MATERIAL FOR THE TASK:
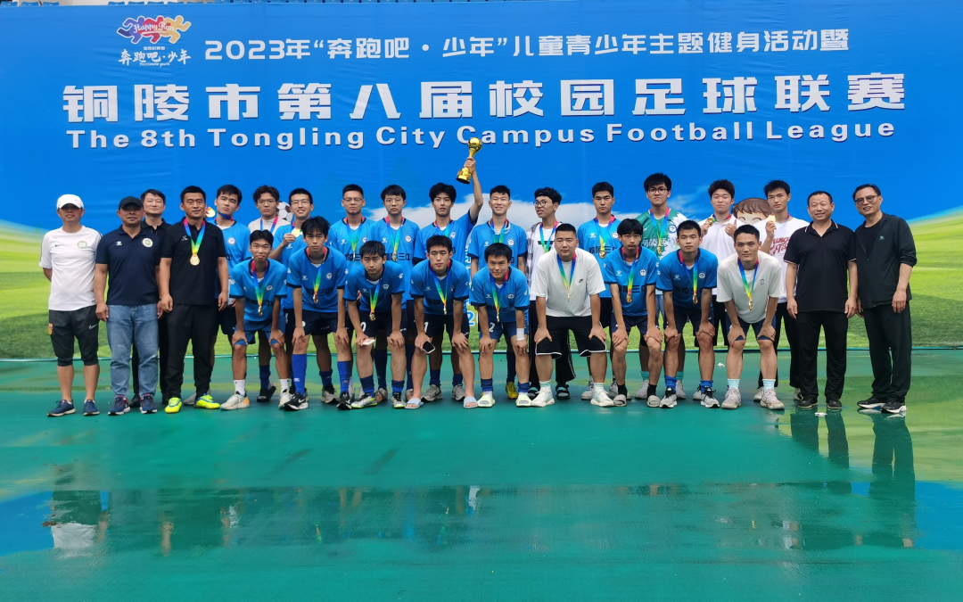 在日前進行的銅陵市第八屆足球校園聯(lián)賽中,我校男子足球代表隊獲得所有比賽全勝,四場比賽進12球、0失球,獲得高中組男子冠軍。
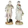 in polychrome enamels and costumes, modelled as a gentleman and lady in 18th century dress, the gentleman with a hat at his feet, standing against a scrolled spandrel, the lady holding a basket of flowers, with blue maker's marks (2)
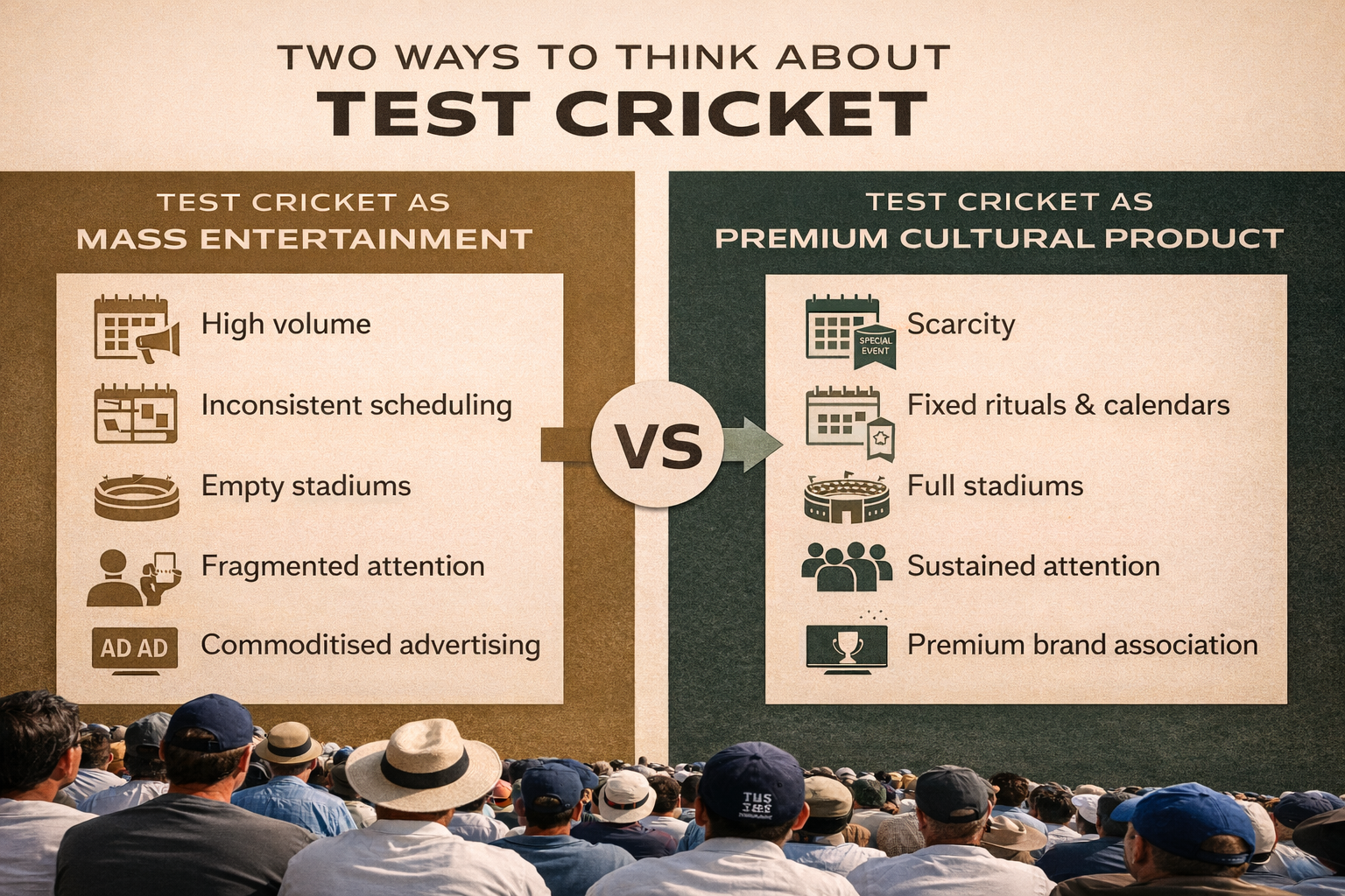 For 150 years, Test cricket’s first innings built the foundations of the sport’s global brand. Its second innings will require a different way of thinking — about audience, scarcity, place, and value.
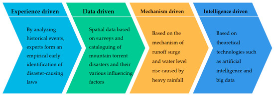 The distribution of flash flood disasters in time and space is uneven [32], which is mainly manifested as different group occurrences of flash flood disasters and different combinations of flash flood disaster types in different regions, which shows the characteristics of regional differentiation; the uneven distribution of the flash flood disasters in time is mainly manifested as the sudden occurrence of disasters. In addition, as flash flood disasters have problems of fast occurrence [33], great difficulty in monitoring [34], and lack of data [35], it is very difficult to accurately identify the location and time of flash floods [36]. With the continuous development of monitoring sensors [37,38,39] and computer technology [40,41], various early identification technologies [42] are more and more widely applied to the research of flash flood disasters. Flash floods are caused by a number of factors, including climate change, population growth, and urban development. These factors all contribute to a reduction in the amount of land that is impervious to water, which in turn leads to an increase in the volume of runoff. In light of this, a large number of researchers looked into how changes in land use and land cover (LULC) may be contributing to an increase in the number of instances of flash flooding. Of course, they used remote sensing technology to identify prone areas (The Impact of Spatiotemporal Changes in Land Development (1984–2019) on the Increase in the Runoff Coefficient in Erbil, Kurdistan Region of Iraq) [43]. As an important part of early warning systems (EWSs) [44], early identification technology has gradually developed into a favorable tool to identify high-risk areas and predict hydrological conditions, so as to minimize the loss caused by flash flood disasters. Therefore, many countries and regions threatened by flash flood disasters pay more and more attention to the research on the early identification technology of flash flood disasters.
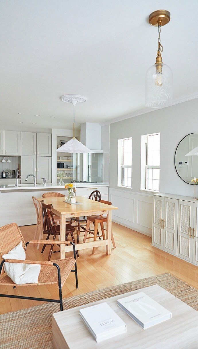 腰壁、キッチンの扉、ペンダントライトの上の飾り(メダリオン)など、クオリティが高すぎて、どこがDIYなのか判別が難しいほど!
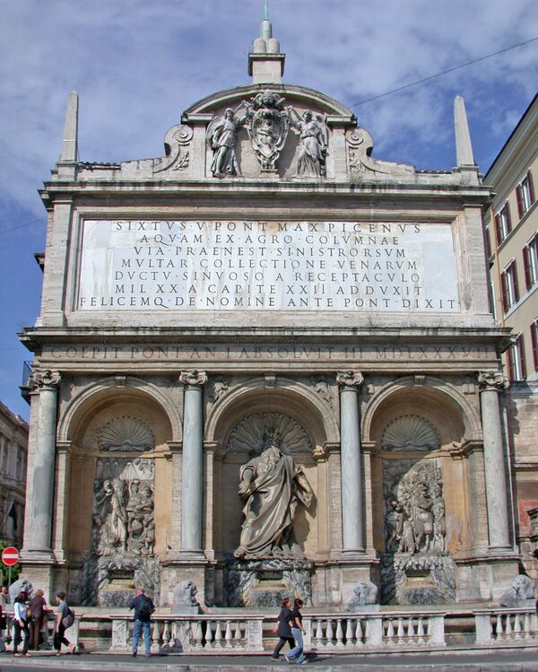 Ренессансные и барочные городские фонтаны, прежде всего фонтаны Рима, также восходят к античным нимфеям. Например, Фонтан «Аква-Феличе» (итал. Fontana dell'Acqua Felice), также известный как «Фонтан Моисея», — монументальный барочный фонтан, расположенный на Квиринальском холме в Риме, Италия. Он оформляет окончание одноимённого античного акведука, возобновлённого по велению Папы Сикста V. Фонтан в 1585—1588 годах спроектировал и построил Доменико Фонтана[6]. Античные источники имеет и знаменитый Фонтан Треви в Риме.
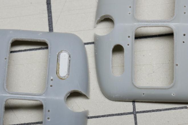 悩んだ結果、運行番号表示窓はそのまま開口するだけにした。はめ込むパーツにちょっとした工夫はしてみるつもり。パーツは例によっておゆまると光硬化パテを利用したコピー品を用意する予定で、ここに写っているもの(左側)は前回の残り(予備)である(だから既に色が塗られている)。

==

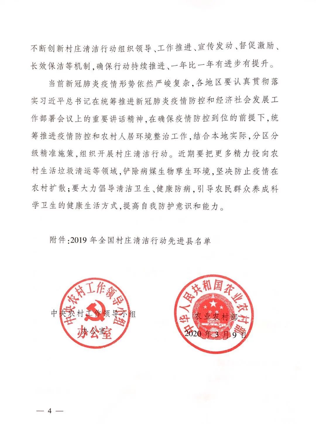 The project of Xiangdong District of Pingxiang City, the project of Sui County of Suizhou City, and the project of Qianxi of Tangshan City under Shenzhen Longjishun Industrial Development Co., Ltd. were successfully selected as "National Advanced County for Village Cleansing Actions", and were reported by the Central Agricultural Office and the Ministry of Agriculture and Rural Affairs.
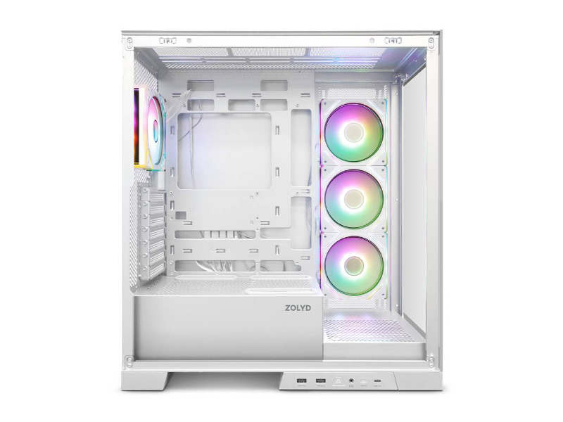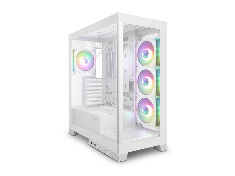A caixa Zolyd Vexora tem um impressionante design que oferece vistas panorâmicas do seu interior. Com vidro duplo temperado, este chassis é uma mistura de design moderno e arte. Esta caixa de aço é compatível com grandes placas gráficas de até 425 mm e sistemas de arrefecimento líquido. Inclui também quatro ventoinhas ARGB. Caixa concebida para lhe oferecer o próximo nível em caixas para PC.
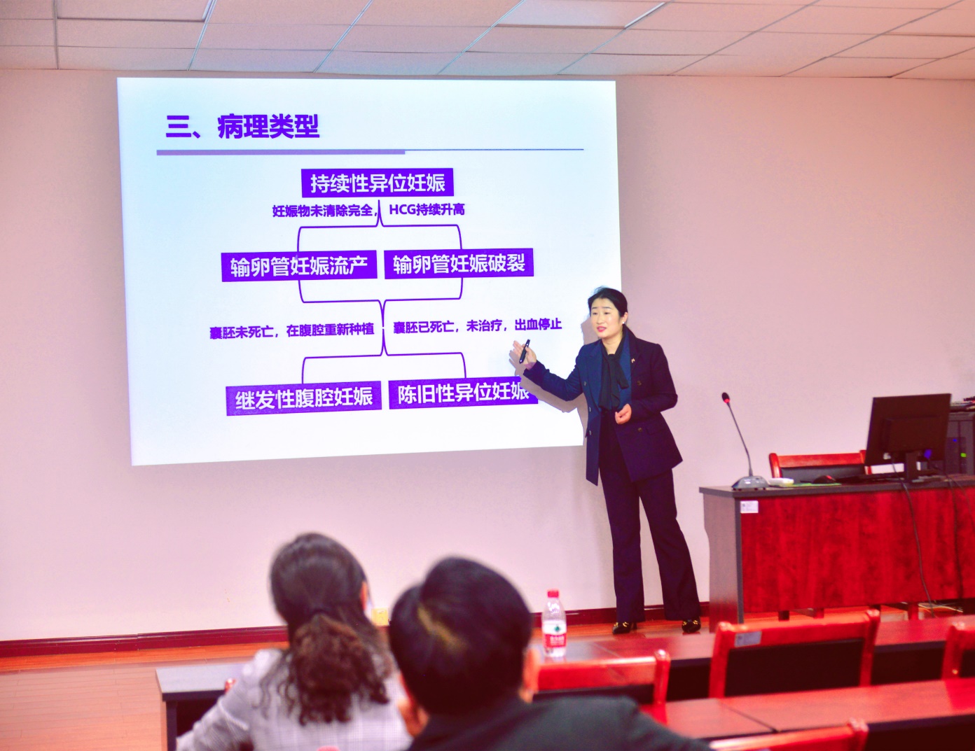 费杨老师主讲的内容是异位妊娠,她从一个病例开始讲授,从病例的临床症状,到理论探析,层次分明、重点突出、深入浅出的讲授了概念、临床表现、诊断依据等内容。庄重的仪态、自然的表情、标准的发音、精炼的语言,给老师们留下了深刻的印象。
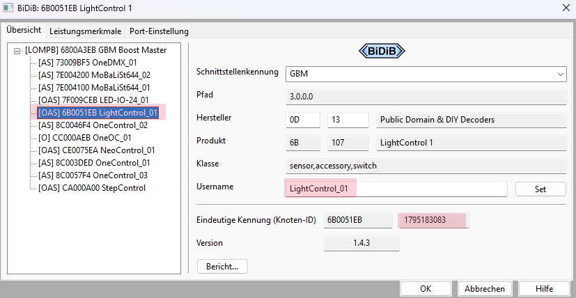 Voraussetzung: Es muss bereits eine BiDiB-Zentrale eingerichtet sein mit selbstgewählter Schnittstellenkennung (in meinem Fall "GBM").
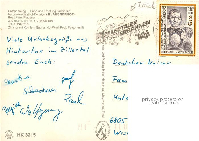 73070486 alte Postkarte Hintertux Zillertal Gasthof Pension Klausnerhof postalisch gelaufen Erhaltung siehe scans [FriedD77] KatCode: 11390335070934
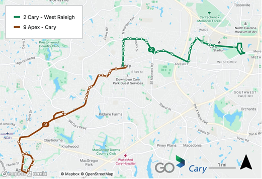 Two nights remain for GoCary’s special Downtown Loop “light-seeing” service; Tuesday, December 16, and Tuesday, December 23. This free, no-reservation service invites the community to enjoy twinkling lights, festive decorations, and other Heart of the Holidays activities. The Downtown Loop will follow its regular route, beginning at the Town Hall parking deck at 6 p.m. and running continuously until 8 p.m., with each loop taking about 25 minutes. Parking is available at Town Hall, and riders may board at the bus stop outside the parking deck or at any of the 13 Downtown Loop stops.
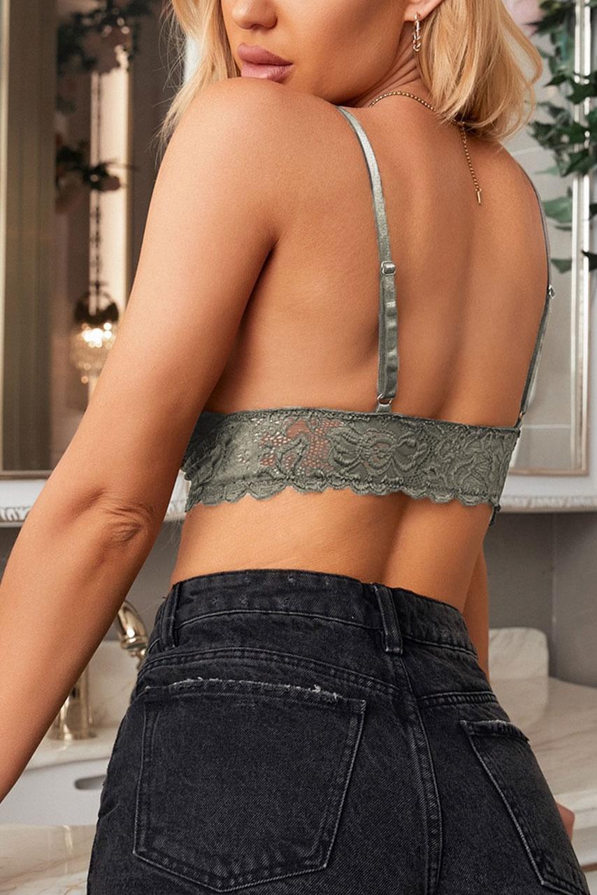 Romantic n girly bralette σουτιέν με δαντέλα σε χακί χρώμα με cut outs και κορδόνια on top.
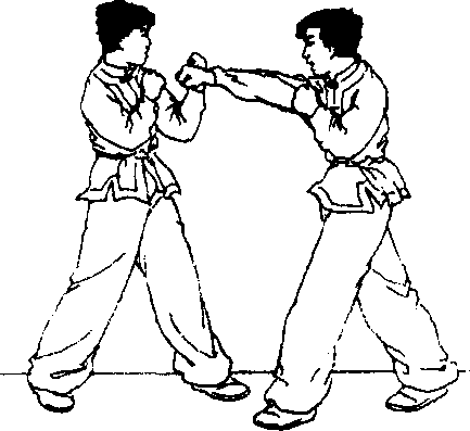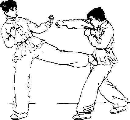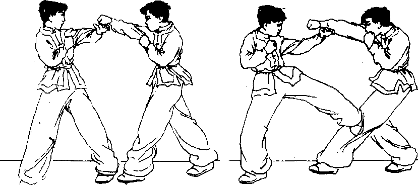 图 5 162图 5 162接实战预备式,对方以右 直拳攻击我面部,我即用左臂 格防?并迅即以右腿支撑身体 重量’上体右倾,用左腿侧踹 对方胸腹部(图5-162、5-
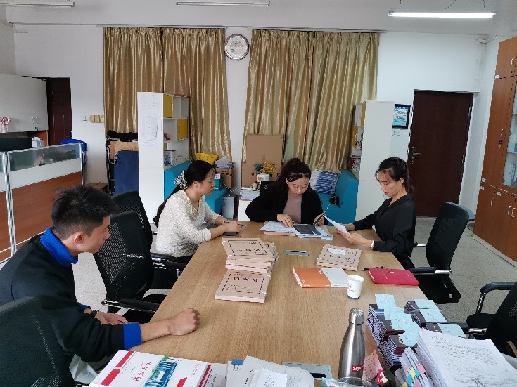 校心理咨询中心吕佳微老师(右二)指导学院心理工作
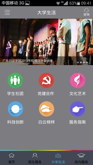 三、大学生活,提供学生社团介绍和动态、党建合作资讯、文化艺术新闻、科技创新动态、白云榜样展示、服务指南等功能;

EXERCISE PROMPT: Please set down, exactly and with no pictures, the lines in the entries above starting at the one holding "Two nights remain" and ending at the one holding "Romantic n girly", ends included.

RESPONSE AREA:
 Two nights remain for GoCary’s special Downtown Loop “light-seeing” service; Tuesday, December 16, and Tuesday, December 23. This free, no-reservation service invites the community to enjoy twinkling lights, festive decorations, and other Heart of the Holidays activities. The Downtown Loop will follow its regular route, beginning at the Town Hall parking deck at 6 p.m. and running continuously until 8 p.m., with each loop taking about 25 minutes. Parking is available at Town Hall, and riders may board at the bus stop outside the parking deck or at any of the 13 Downtown Loop stops.
 Romantic n girly bralette σουτιέν με δαντέλα σε χακί χρώμα με cut outs και κορδόνια on top.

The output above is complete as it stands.